As very recently new member of an AT&T IPhone, this weekend in fact, I found this article conveniently helpful. Tricks such as the following were provided in the article: how to text in an e-mail format, how to block certain types of text messages or specific phone numbers, how to skip over the voicemail greeting of the person you're calling, how to check for balance, remaining text messages & remaining minutes, how to text a landline, and also provides shortcuts for navigating through your own voicemail. There are no exterior sources and no citations, but it can be assumed that all of the information was either discovered through use of the phones or thorough research.
There is no proper ending to the article, as the entire body is primarily in list format. While not being the conventional type of article that USA Today publishes, Komando still did an adequate job of delivering the content that was intended to be delivered.
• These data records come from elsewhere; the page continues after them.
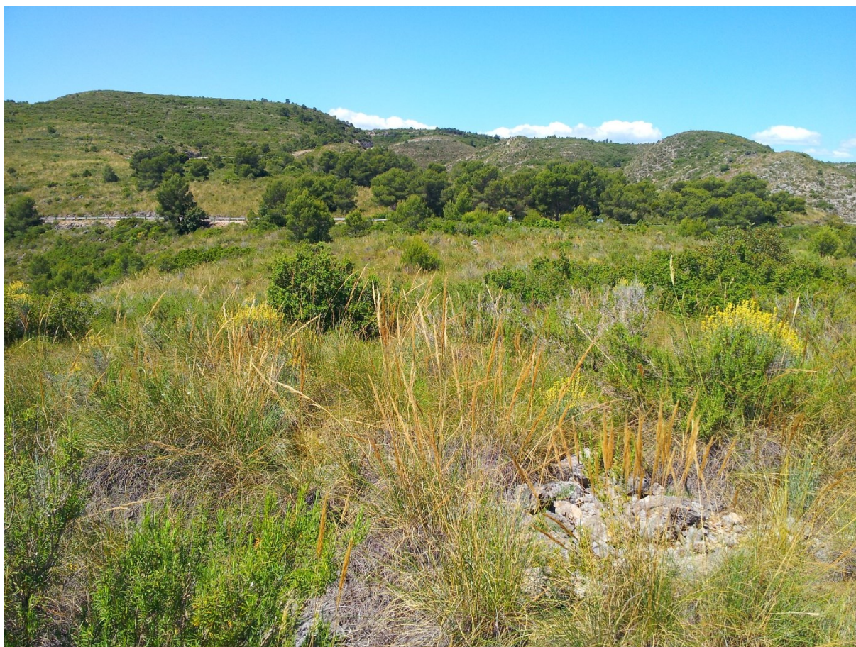
Imatge de la microreserva en la qual s'observa l'aspecte de la brolla calcícola.
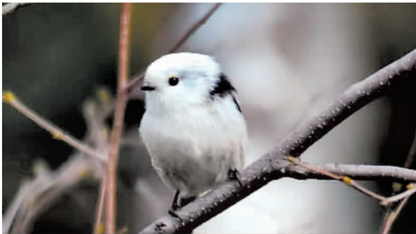
呆萌可爱的“银喉”。 【哈报手机记者】杜丽娟摄

本报讯(记者 王铁军)“麻雀还有白色的呢?还是头一回见!”近日,有市民在太阳岛湿地公园游玩时,意外发现了新奇的“白麻雀”,这种小鸟跟普通麻雀一样大小,显著的特点就是浑身白羽毛带点黑色,难道真是“白化麻雀”?
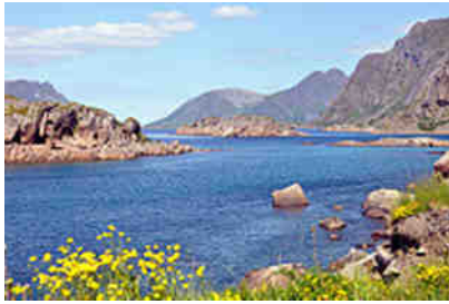
Straße 816 Henningsværveien
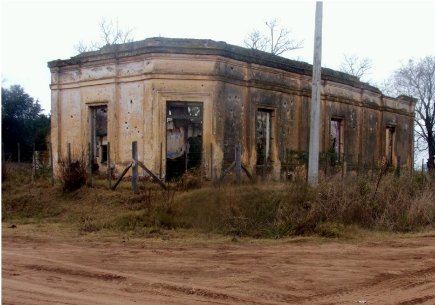
Casas vacías, consecuencia del éxodo rural, un flagelo que crece.

El éxodo rural, un flagelo que crece en el interior profundo de la provincia, que deja pueblos fantasmas, escuelas vacías y jóvenes sin sueños, tiene su contracara en aquellas personas que trabajan denodadamente en la consolidación de lazos sociales para generar las condiciones de posibilidad para las nuevas generaciones. “Para que los jóvenes se queden en su lugar, hay que romper la estructura burocrática del Estado, burocracia que no se ve en otros proyectos”, afirmó a AIM el ingeniero Agrónomo Pablo Benetti.
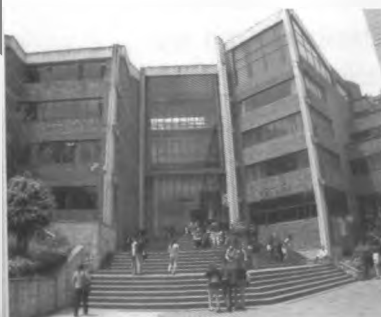
Sede Facultad hasta 1993, Carrera 5 No. 59A - 44 (Sede Chapinero)

Por esa misma época llega de la Universidad de Houston una donación de equipos para mecánica oftálmica y monturas para la práctica de los estudiantes. En 1970 la compañía Rodenstock de Alemania dona una unidad de refracción completa con la última tecnología del momento y se compra también una unidad nueva. Ya en 1971 empieza el Servicio Social de la Facultad.
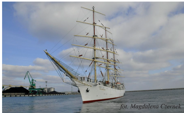
fot. Magdalena Czernek
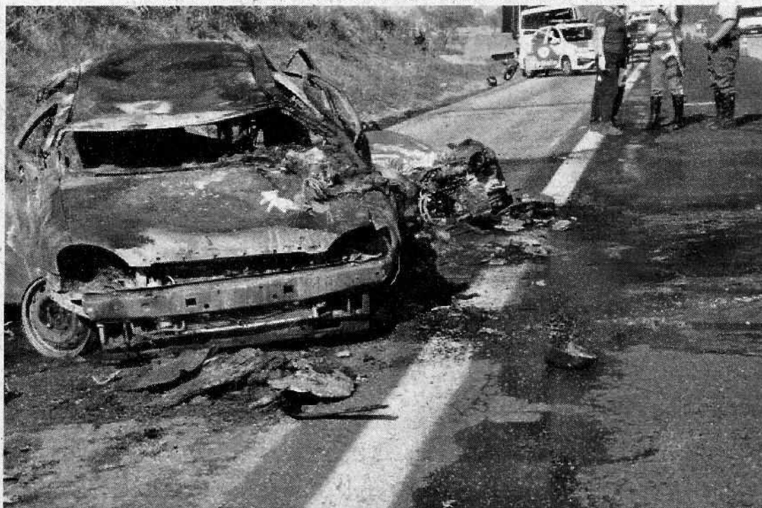
Anexo I - Imagens do acidente
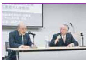
足立サンソ友の会代表の患者さんによる体験談
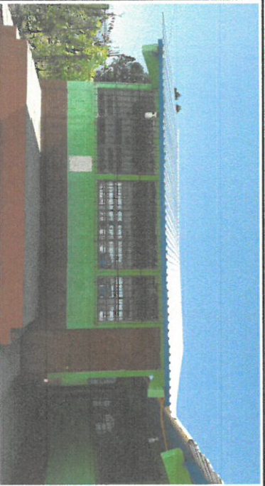
Foto1: Vista de la cubierta del techo de un aula, se remozó la cubierta de techo con lamina troquelada y pintada de costaneras

While to mode was different, the information was not made any less helpful.
Sunday, April 12, 2009
Wednesday, April 1, 2009
Joe Swartz, tech writer for USA Today write a short overview of an update in the Facebook staff titled "Facebook CFO resigns." Using a summary lede, Swartz addressed the:
-who: Gideon Yu (CFO of Facebook)
-what: Yu is leaving Facebook after two years
-where: not relevant to story
-why: no reason yet given
Given the article is only three short paragraphs, Swartz, in my opinion, does a great job of addressing the pertinent and necessary information. The article isn't necessarily only about Yu, but also about the other changes in employment and management to Facebook. "Co-founder Dustin Moskovitz and Chief Technology Officer Adam D'Angelo" both left last year, in addition to "Moskovitz and Justin Rosenstein, an engineering manager at Facebook" who "left to form a startup to build software they hope will be 'to your work life what Facebook.com is to your social life.'"
The ending sentence, however, is slightly confusing as Swartz gives an update about an employer already mentioned earlier in the article. "D'Angelo jumped last year for parts unknown." This sentence is a weak concluding sentence as it doesn't even relate to the initial subject of the article. While the article delivers the changes to Facebook staff in an understandable way, the title is misleading because it makes the reader think the article will go more in depth about the reason for which Yu left and how he went about doing it. It is only touched on on the surface, and I feel more delving needs to be done to report more information to the reader.
Lastly, I think Swartz should have used a source from within Facebook regarding Yu's departure. A quote from Facebook is used (Facebook says it's looking for a CFO with "public company experience."), however, it is not attributed to a person or website. I think Swartz should have tried to get an interview with the CEO or one of the founders who are internally linked to Facebook and who would have known the exactly events leading up to and reasons for Yu's decision to leave. All in all, while it gives a great summary, Swartz should lengthen his article to fit in more specific and informative content.